Roger Caillois, Ponce Pilate, première édition 1961, Gallimard, collection L’Imaginaire, novembre 2015, 128 pages.
A Jérusalem, le Sanhédrin
vient de condamner Jésus à mort. Le jugement de la puissance romaine est cependant
indispensable, et c’est au procurateur de Judée, Ponce Pilate, que revient le
dernier mot. On connaît l’histoire : la décision de Pilate – il choisit de
s’en laver les mains – décide de l’apparition du christianisme.
Roger Caillois fait de
Ponce Pilate le personnage principal de son conte. Entre le songe de Procula,
son épouse, et sa propre insomnie, vingt-quatre heures vont s’écouler.
Vingt-quatre heures durant lesquelles le sort du monde peut basculer. Le sort
du monde à venir. Caillois imagine l’itinéraire mental du procurateur avant
qu’il prenne sa décision. Dans cette histoire-là, vue sous l’angle de la
politique romaine et sous celui de de la conscience d’un seul homme, l’uchronie
est en marche, dont le pas ne sera franchi qu’à la toute fin du texte. Mais on
en ignorera les conséquences.
Ponce Pilate est un
personnage romanesque. Dans Le Maître et
Marguerite de Boulgakov, le procurateur est en quête de spiritualité
nouvelle, séduit par le royaume promis par Yeshoua. Dans le roman de Caillois, le
procurateur est attaché aux dieux multiples de sa civilisation, et reste
totalement insensible au discours du prisonnier, lors de sa confrontation avec
lui :
"Le discours entier lui paraissait simple délire.
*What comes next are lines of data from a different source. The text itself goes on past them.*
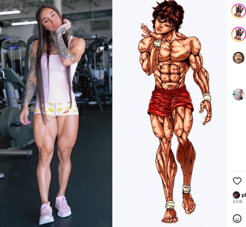 女性版バキと話題に!バキバキの太ももはそっくり@bakharnabieva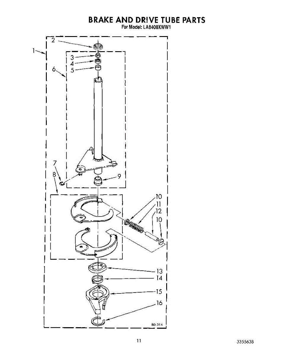 Parts for Whirlpool LA8400XWM1: 09 - Brake And Drive Tube Parts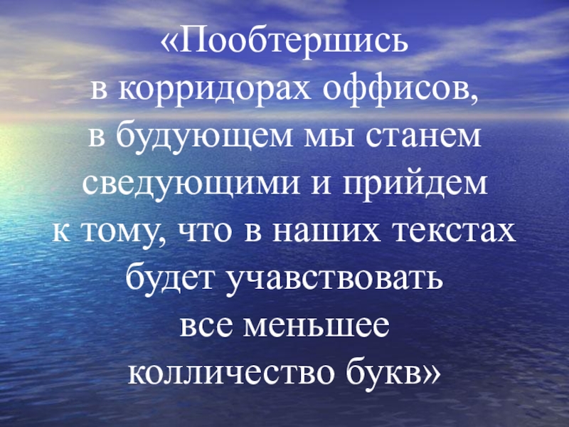 Это сайт презентаций, где можно хранить и обмениваться своими презентациями, докладами, проектами, шаблонами в формате PowerPoint с другими пользователями. Мы помогаем школьникам, студентам, учителям, преподавателям хранить и обмениваться учебными материалами.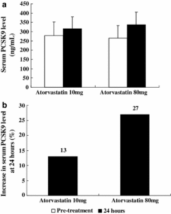 Atorvastatin 10 mg/day decreased low-density lipoprotein cholesterol (LDL-C) by 32 % at 4 weeks and by 33 % at 8 weeks, and atorvastatin 20 mg/day resulted in reduction of LDL-C by 41 % at 4 weeks and by 38 % at 8 weeks. Atorvastatin 10 mg/day slightly increased serum PCSK9 by 5–7 % but without a significant difference, while atorvastatin 20 mg/day significantly increased serum PCSK9 by 30 % at 4 weeks and by 35 % at 8 weeks (p = 0.009 and p = 0.002, respectively). In addition, 24 h after a single dose, atorvastatin 10 mg significantly increased serum PCSK9 by 13 % and atorvastatin 80 mg by 27 % (p = 0.042 and p = 0.001, respectively).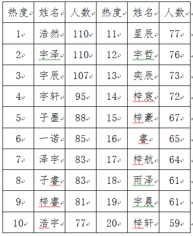 基于2018年落戶新生男寶的數(shù)據(jù),排名第一的“浩然”占新生男寶名字的0.22% ,排名第二的“宇澤”占0.22% ,排名第三的“宇辰”占0.21% 。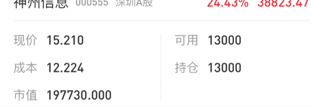 $神州信息(SZ000555)$ 这股的潜力不是格尔软件所能比拟的,无论营收,概念、股本容量,是超大资金战场,目前以初本建立底仓,后续将会打半仓以上

Où ces gens allaient-ils chercher ces grotesques inepties ? Que pouvait bien signifier l’idée d’un dieu qui meurt pour le salut des hommes ? D’abord un dieu ne meurt pas, c’est contradictoire. Ensuite, il ne se soucie pas du sort de l’humanité. C’est ridicule."
Le chapitre III est
consacré à Judas. « L’homme se leva d’un bond. Il était roux, contrefait
et hagard ». Comme son ami Jorge Luis Borges dans « Trois versions de
Judas », Caillois donne du traître une interprétation en contradiction
avec le dogme, mais parfaitement logique : sans la trahison du rouquin,
pas de christianisme… C’est par lui, Judas, que Jésus est arrêté, condamné,
supplicié, ressuscité. Sans lui, rien ne serait arrivé. Plus troublé par le
discours de Judas que par celui de Jésus, Pilate, sous la plume de Caillois,
prouve son humanité. Il reste imperméable aux
spéculations eschatologiques et monothéistes, il est avant tout
extrêmement respectueux de l’humain. Caillois brosse le portrait d’un homme conscient
de ses erreurs politiques – l’épisode des boucliers est évoqué, mis en
parallèle avec la nécessité de la construction de l’aqueduc – mais sûr de ses
décisions immédiates et pragmatiques.
Durant sa longue nuit
d’insomnie, il passe en revue les différentes possibilités que sa décision,
quelle qu’elle soit, pourrait entraîner. S’en laver les mains, ou pas. Les
doutes et les certitudes se succèdent, dans la nuit, après sa visite au
chaldéen Mardouk. Et, comme le personnage de Judas est « retourné »
par rapport à la tradition, Caillois « retourne » Ponce Pilate, lui
qui, hors uchronie, est considéré comme celui qui a laissé faire. « Il
restait libre d’être courageux », écrit Caillois. Pilate, ici, n’a rien
d’un lâche et d’un falot.
Roger Caillois clôt son
roman au seuil de l’uchronie. Le lecteur ne saura rien du destin du monde après
la décision du procurateur. Son roman est axé sur les motivations qui
conduisent Pilate à prendre sa décision. Une décision qui n’a rien de
paradoxal, une décision réfléchie, prise par un homme sage et conscient.